EXERCISE REQUIREMENTS
Without the pictures, can you quote each line below exactly?

____

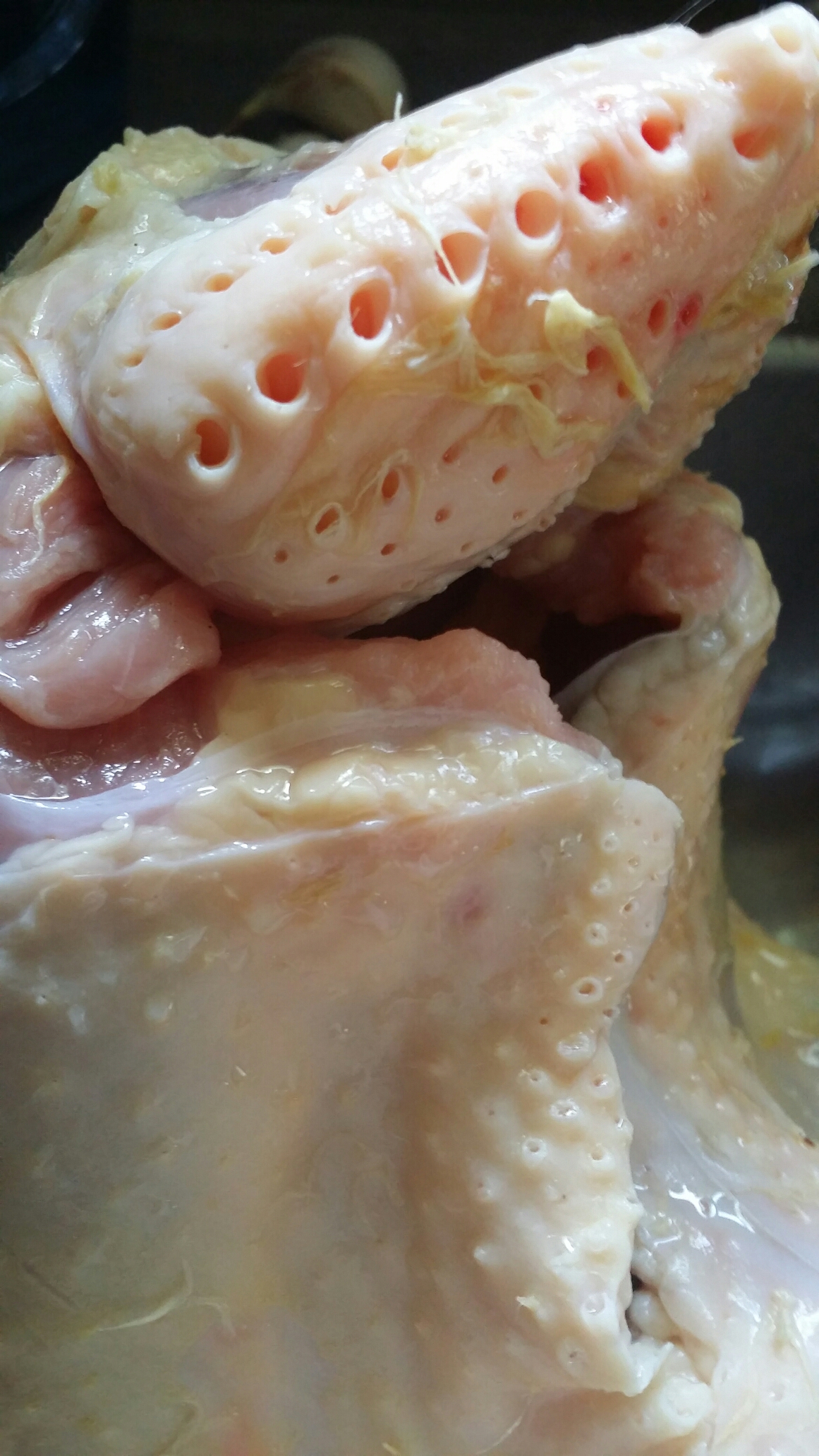 I’m not going to lie. Those raw turkeys did NOT look like grocery store turkeys. For one thing, they each weighed in at seventeen and a half pounds. There’s not much fat on them so I guess what you see when they’re walking around is what you get when they’re ready to cook, minus the head and the feet. For another thing, the wing feather holes looked like elbow macaroni. I’m not even kidding.
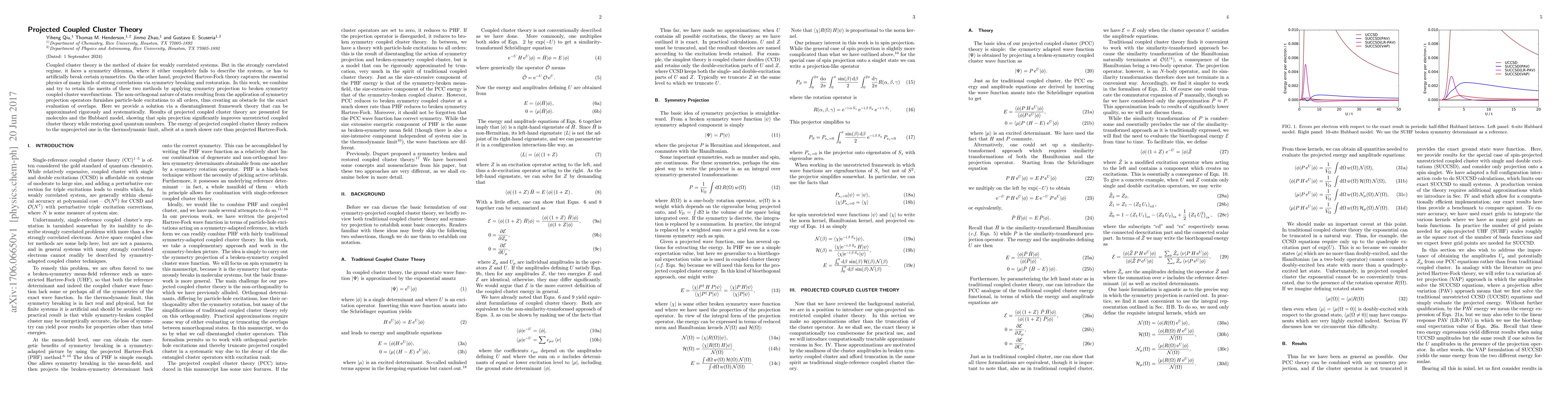 This paper proposes a projected coupled cluster theory that combines the strengths of coupled cluster and projected Hartree-Fock methods to better describe strongly correlated systems. The method uses symmetry projection to restore good quantum numbers while addressing the non-orthogonality issue, showing improved performance over unrestricted coupled cluster theory.
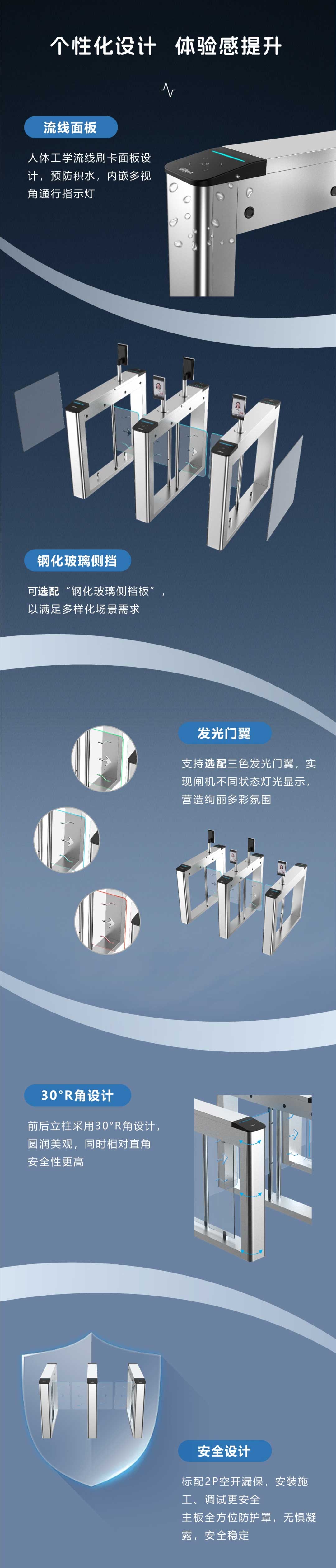 流線面板:人體工學(xué)流線刷卡面板設(shè)計(jì),預(yù)防積水,內(nèi)嵌多視角通行指示燈。
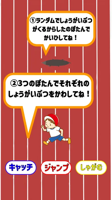 「キャッチ・ジャンプ・しゃがむ」ボタンをタップして沢山の障害物を乗り越えよう!
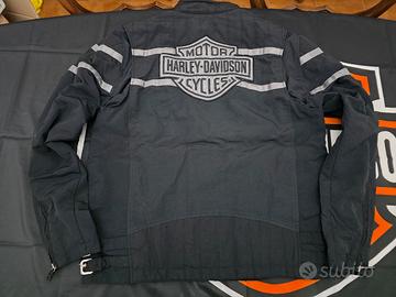 vendo giubbino uomo tg L originale harley in cordura antipioggia e antivento. Colore: nero: regolazione antivento ai polsi e in vita. Scritte e logo retroriflettenti. Privo di difetti.
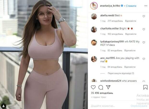 Знаменитость решила дополнить образ очками и элегантными браслетами. Поклонники знаменитости пришли в восторг от увиденного. «Беспредельный соблазн», «красотка до невозможности», «выглядишь невероятно», «фантастический вид», «очень мило выглядишь», «боже, не могу налюбоваться», - пишут они. До этого мы рассказывали, что знаменитая российская модель Анастасия Квитко, более известная как русская Кардашьян, извивалась на пирсе ради эффектных кадров. Красотка вскружила голову многим пользователям сети. Фанаты, которые не в силах устоять перед такой искусительницей, создают соответствующие странички в Инстаграм. Красотка надела купальный наряд с пикантным вырезом посередине. Из большого декольте едва не вываливалась грудь знаменитости, но ее это нисколько не смущало, наоборот она всячески извивалась. Напомним, что Анастасия Квитко не удержала сочные формы, натянув слишком маленькое бикини: "Это просто мед!". А еще Politeka писала, что Анастасия Квитко показала свою «ким» в откровенном купальнике: «Вау, светится». Также Politeka сообщала, что Анастасия Квитко подразнила пышными "пончиками" в одной сеточке и кружевах: топ "вкусных" образов
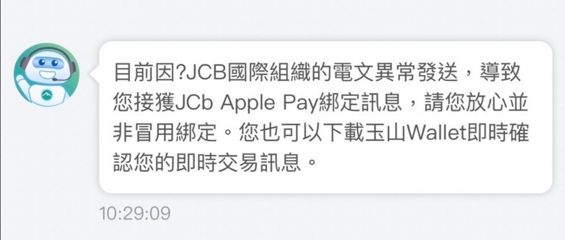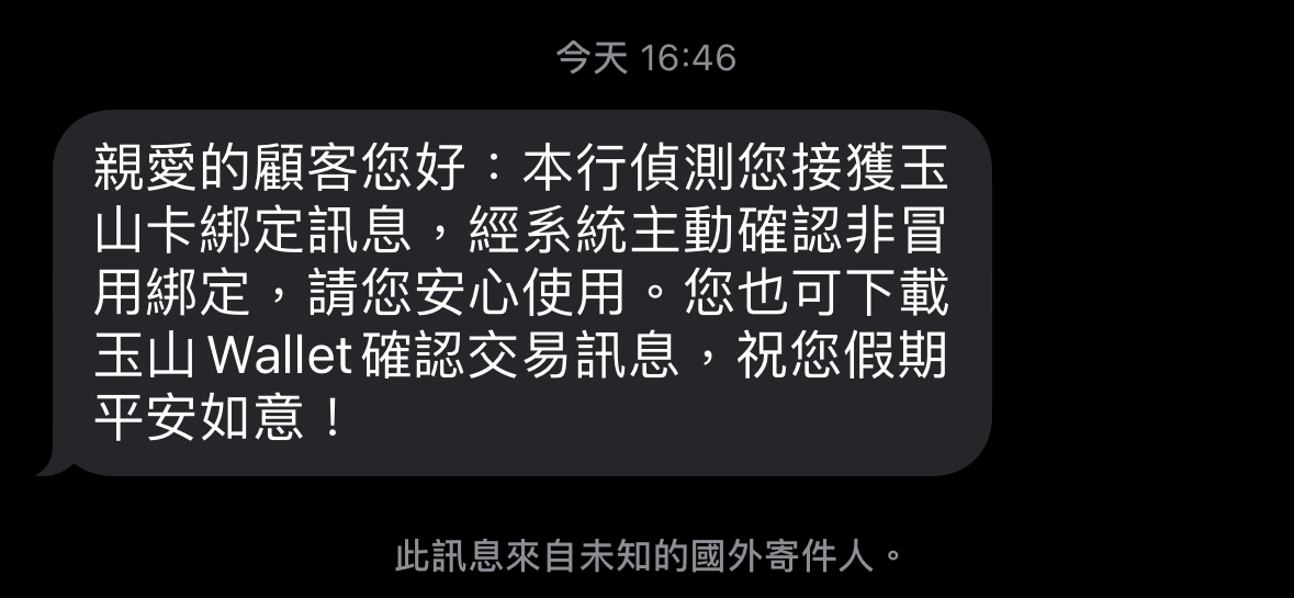 KousakaReina: 玉山兩張JCB都有收到ㄏ,年初我收過一樣的簡訊 當 04/05 11:18

____

REPLY
 I’m not going to lie. Those raw turkeys did NOT look like grocery store turkeys. For one thing, they each weighed in at seventeen and a half pounds. There’s not much fat on them so I guess what you see when they’re walking around is what you get when they’re ready to cook, minus the head and the feet. For another thing, the wing feather holes looked like elbow macaroni. I’m not even kidding.
 This paper proposes a projected coupled cluster theory that combines the strengths of coupled cluster and projected Hartree-Fock methods to better describe strongly correlated systems. The method uses symmetry projection to restore good quantum numbers while addressing the non-orthogonality issue, showing improved performance over unrestricted coupled cluster theory.
 流線面板:人體工學(xué)流線刷卡面板設(shè)計(jì),預(yù)防積水,內(nèi)嵌多視角通行指示燈。
 「キャッチ・ジャンプ・しゃがむ」ボタンをタップして沢山の障害物を乗り越えよう!
 vendo giubbino uomo tg L originale harley in cordura antipioggia e antivento. Colore: nero: regolazione antivento ai polsi e in vita. Scritte e logo retroriflettenti. Privo di difetti.
 Знаменитость решила дополнить образ очками и элегантными браслетами. Поклонники знаменитости пришли в восторг от увиденного. «Беспредельный соблазн», «красотка до невозможности», «выглядишь невероятно», «фантастический вид», «очень мило выглядишь», «боже, не могу налюбоваться», - пишут они. До этого мы рассказывали, что знаменитая российская модель Анастасия Квитко, более известная как русская Кардашьян, извивалась на пирсе ради эффектных кадров. Красотка вскружила голову многим пользователям сети. Фанаты, которые не в силах устоять перед такой искусительницей, создают соответствующие странички в Инстаграм. Красотка надела купальный наряд с пикантным вырезом посередине. Из большого декольте едва не вываливалась грудь знаменитости, но ее это нисколько не смущало, наоборот она всячески извивалась. Напомним, что Анастасия Квитко не удержала сочные формы, натянув слишком маленькое бикини: "Это просто мед!". А еще Politeka писала, что Анастасия Квитко показала свою «ким» в откровенном купальнике: «Вау, светится». Также Politeka сообщала, что Анастасия Квитко подразнила пышными "пончиками" в одной сеточке и кружевах: топ "вкусных" образов
 KousakaReina: 玉山兩張JCB都有收到ㄏ,年初我收過一樣的簡訊 當 04/05 11:18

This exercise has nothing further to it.